Supplied data:
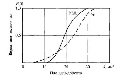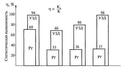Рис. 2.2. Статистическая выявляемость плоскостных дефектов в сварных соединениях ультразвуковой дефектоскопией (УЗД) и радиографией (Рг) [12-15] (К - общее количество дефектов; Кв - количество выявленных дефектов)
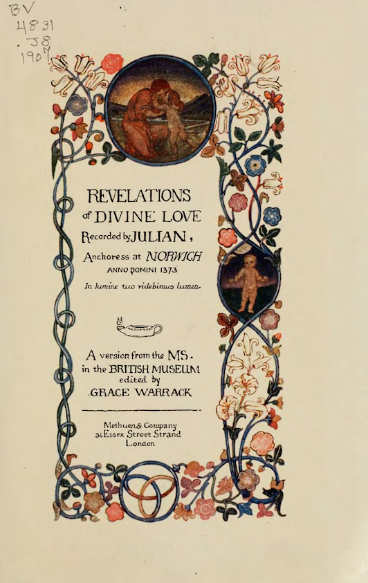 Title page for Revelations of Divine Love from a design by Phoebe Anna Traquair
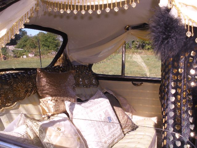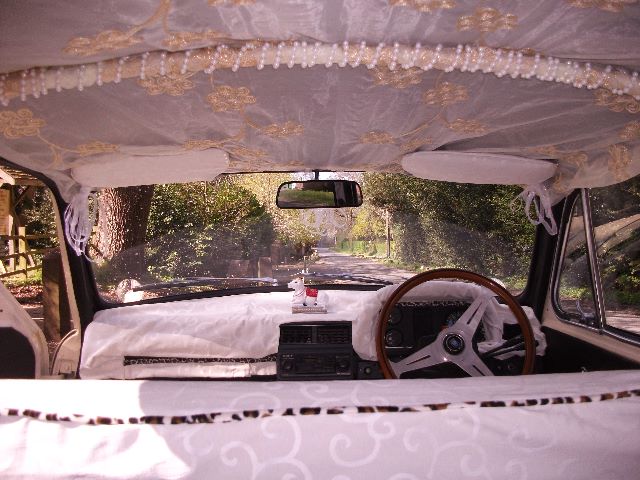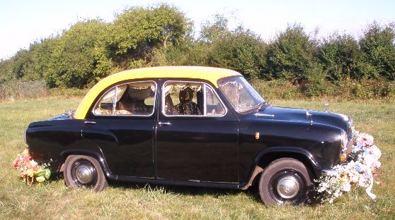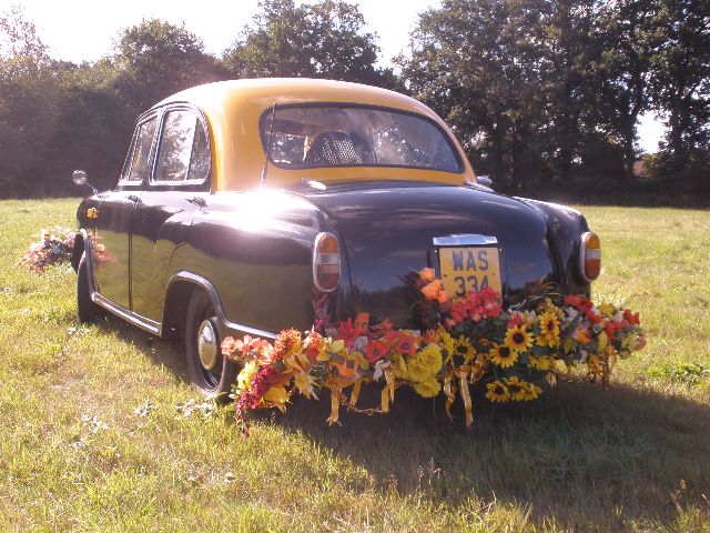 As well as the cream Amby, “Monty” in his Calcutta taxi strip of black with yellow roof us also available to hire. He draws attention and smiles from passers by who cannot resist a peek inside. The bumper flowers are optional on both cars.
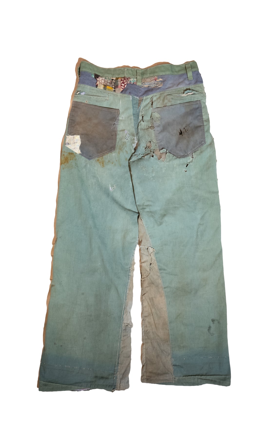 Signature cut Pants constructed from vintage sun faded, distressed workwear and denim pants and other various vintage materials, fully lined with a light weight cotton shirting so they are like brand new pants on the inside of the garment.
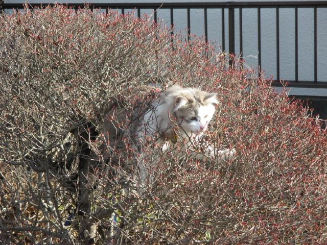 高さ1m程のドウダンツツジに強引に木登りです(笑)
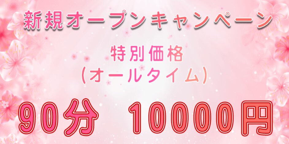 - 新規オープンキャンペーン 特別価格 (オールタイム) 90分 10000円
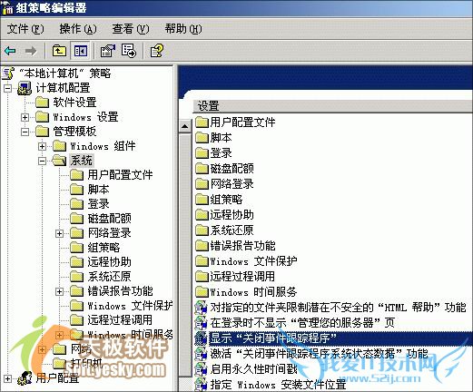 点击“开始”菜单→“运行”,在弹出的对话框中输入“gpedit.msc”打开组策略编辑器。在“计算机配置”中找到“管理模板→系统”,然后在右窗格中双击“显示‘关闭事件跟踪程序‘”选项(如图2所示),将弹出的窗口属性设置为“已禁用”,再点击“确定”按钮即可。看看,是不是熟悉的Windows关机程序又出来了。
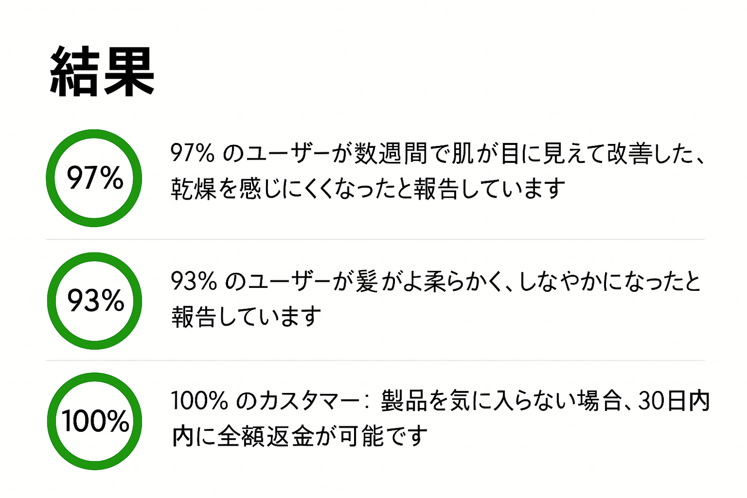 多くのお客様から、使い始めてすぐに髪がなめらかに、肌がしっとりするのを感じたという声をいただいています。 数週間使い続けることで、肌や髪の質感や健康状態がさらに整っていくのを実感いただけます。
---
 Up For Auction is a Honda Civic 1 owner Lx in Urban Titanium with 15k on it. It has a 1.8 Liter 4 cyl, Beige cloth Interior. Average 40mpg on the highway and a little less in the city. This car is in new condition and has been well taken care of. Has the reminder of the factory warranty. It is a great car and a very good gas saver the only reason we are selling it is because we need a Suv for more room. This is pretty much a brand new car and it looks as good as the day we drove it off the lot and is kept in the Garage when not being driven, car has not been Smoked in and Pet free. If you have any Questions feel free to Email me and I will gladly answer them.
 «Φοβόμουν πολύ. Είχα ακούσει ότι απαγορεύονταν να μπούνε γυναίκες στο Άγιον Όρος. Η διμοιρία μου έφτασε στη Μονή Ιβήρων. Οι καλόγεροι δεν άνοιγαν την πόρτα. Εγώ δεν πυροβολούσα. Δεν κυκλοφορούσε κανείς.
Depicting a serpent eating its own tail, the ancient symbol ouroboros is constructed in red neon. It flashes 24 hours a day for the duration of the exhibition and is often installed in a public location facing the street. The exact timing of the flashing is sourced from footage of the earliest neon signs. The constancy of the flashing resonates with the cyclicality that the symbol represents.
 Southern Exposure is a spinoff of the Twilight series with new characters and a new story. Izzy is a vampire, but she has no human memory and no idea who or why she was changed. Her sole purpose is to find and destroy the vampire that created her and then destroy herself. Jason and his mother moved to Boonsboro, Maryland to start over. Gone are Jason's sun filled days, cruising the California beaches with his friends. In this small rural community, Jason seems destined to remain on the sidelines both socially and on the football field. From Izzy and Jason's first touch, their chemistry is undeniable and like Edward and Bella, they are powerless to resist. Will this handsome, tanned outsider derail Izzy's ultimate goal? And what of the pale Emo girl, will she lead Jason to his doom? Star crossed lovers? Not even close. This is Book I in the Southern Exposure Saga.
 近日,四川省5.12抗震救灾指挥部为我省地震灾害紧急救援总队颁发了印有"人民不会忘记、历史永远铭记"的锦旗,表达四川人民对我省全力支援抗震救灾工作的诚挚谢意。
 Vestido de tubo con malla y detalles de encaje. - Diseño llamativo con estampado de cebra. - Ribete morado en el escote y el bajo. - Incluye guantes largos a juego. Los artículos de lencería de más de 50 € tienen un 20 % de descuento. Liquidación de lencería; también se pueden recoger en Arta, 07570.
* * *
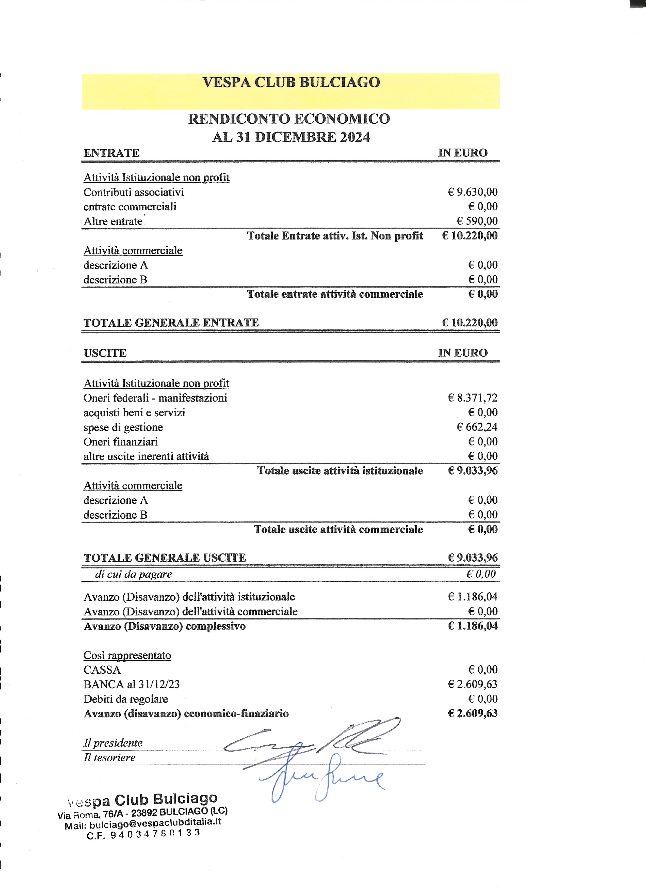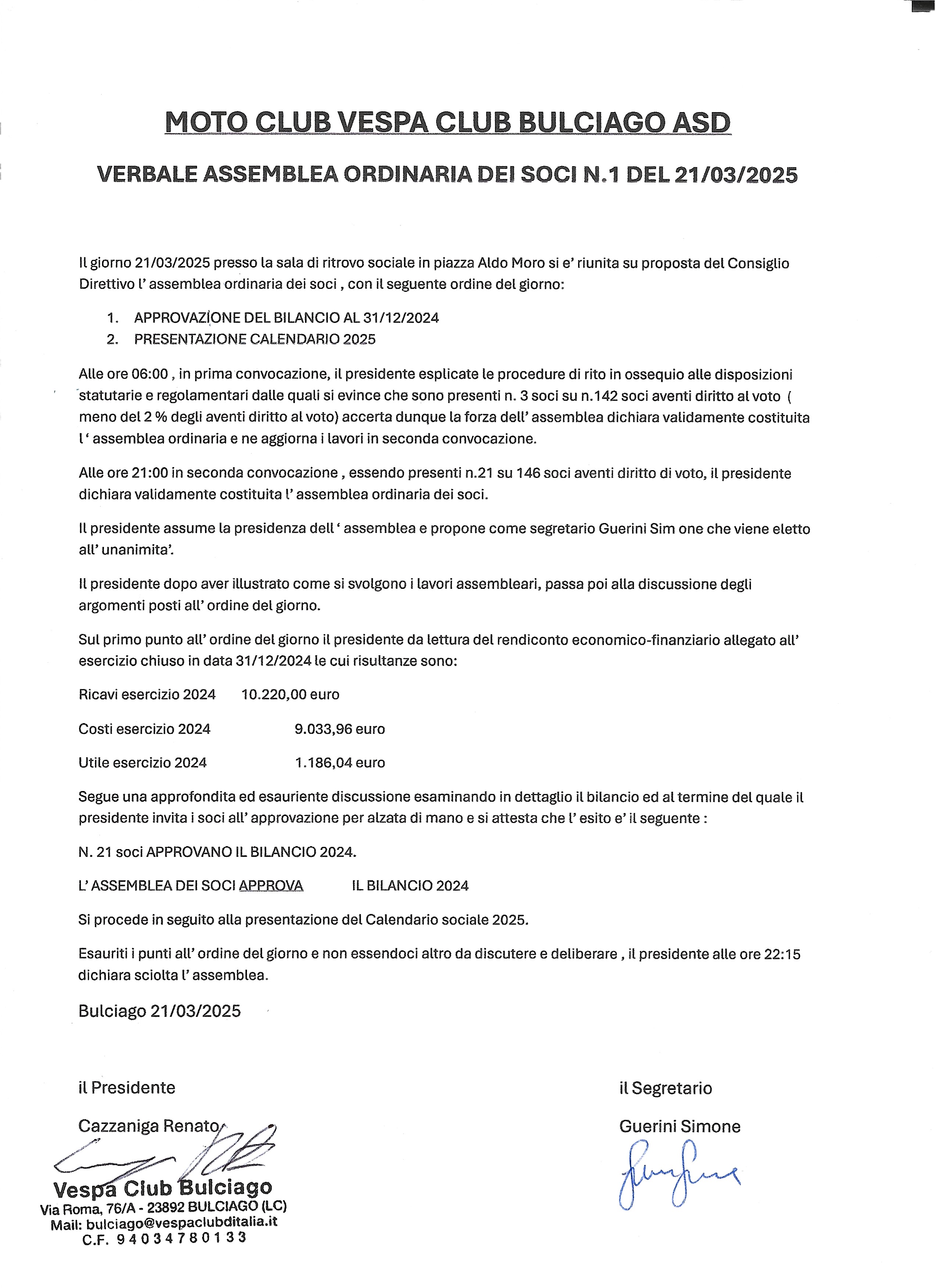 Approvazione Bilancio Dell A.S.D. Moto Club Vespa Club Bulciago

Work to complete:
Exact repeat of the material above: every line from the one with "Рис. 2.2. Статистическая" through the one with "Title page for", endpoints included, and nothing more. No pictures.

Task response:
Рис. 2.2. Статистическая выявляемость плоскостных дефектов в сварных соединениях ультразвуковой дефектоскопией (УЗД) и радиографией (Рг) [12-15] (К - общее количество дефектов; Кв - количество выявленных дефектов)
 Title page for Revelations of Divine Love from a design by Phoebe Anna Traquair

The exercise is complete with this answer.